» Goal of the exercise
Retype, word for word, every line from the one holding "Record Mirror Tabloid" through the one holding "Jual Ruko Kost" in the entries below, both included, and only those lines.

» Material provided
═══
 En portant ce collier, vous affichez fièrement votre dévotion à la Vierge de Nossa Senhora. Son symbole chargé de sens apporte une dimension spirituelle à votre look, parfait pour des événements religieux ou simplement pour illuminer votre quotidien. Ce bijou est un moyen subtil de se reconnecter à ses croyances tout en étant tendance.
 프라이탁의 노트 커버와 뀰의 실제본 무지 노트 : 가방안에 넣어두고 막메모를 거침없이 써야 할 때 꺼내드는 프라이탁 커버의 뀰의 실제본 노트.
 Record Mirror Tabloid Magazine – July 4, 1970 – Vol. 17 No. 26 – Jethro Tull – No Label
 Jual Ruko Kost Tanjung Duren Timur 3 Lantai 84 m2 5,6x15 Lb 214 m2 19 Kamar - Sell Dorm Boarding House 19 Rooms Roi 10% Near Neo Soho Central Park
═══
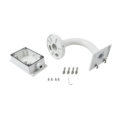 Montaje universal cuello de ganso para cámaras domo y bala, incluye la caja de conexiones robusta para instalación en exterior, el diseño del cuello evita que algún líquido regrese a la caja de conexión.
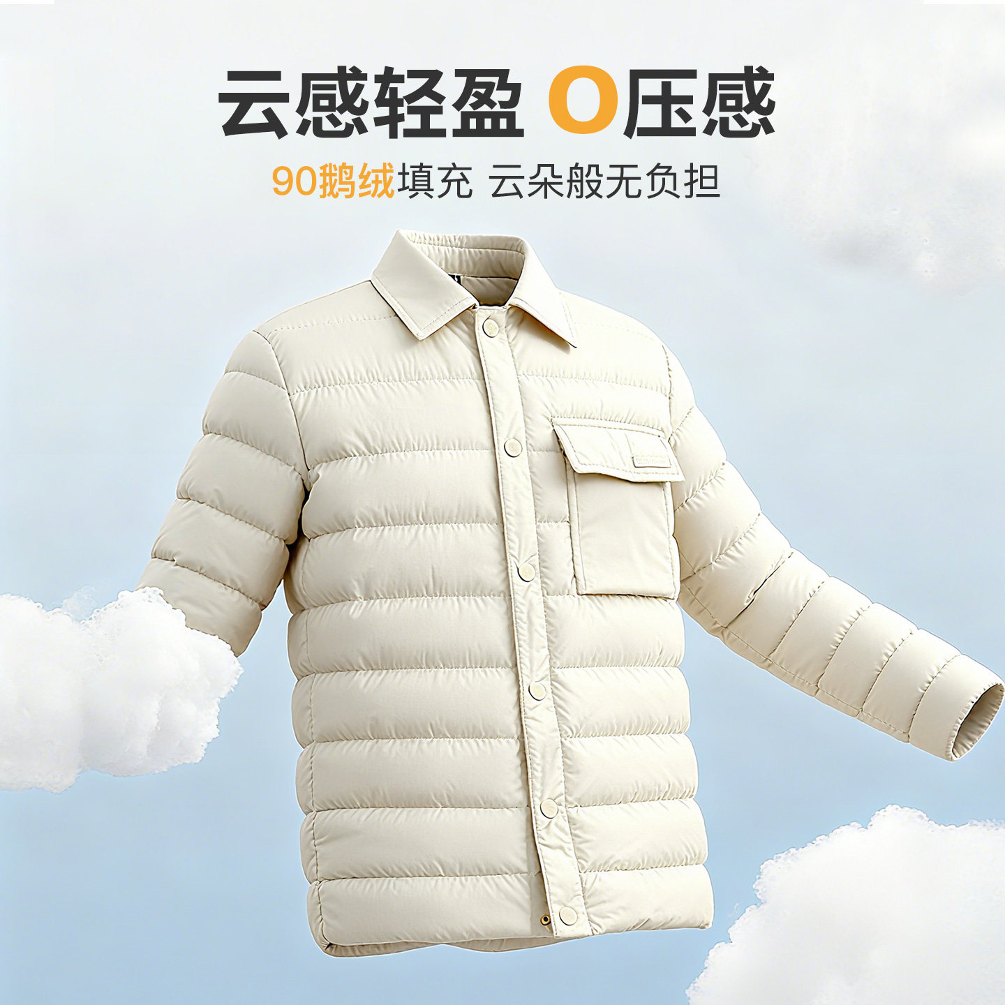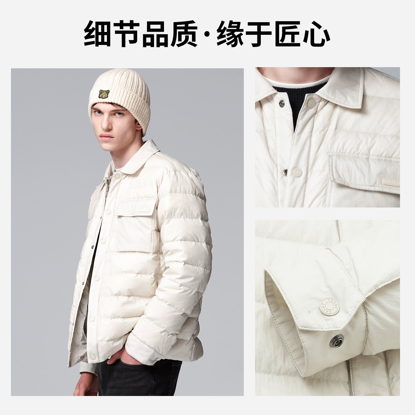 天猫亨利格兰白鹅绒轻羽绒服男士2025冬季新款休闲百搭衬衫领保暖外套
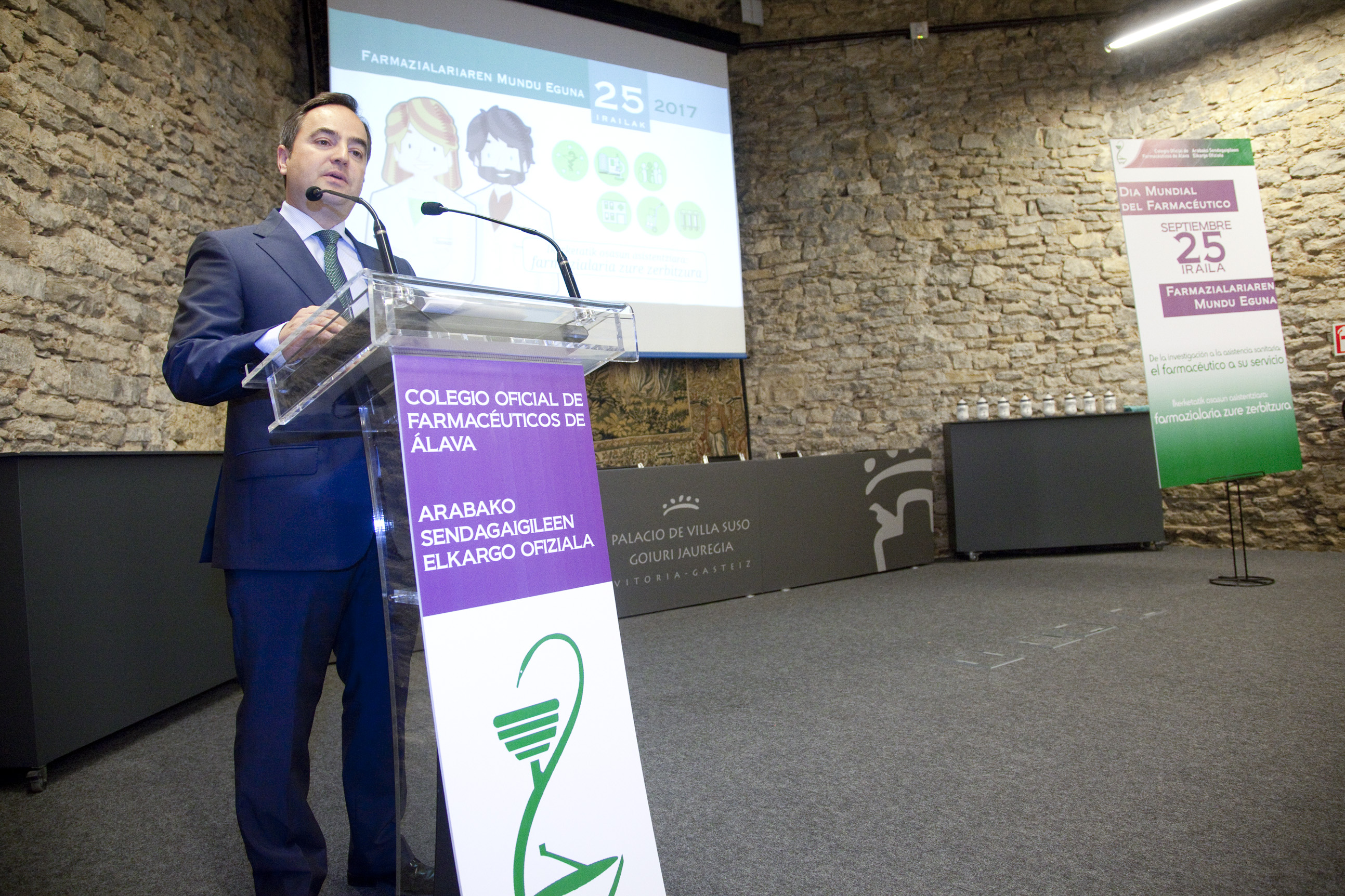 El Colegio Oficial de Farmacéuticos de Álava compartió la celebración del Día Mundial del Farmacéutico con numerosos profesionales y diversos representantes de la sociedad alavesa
═══
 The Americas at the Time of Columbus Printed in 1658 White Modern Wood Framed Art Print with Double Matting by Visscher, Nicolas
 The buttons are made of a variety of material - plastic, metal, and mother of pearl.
═══
» Response below
 Record Mirror Tabloid Magazine – July 4, 1970 – Vol. 17 No. 26 – Jethro Tull – No Label
 Jual Ruko Kost Tanjung Duren Timur 3 Lantai 84 m2 5,6x15 Lb 214 m2 19 Kamar - Sell Dorm Boarding House 19 Rooms Roi 10% Near Neo Soho Central Park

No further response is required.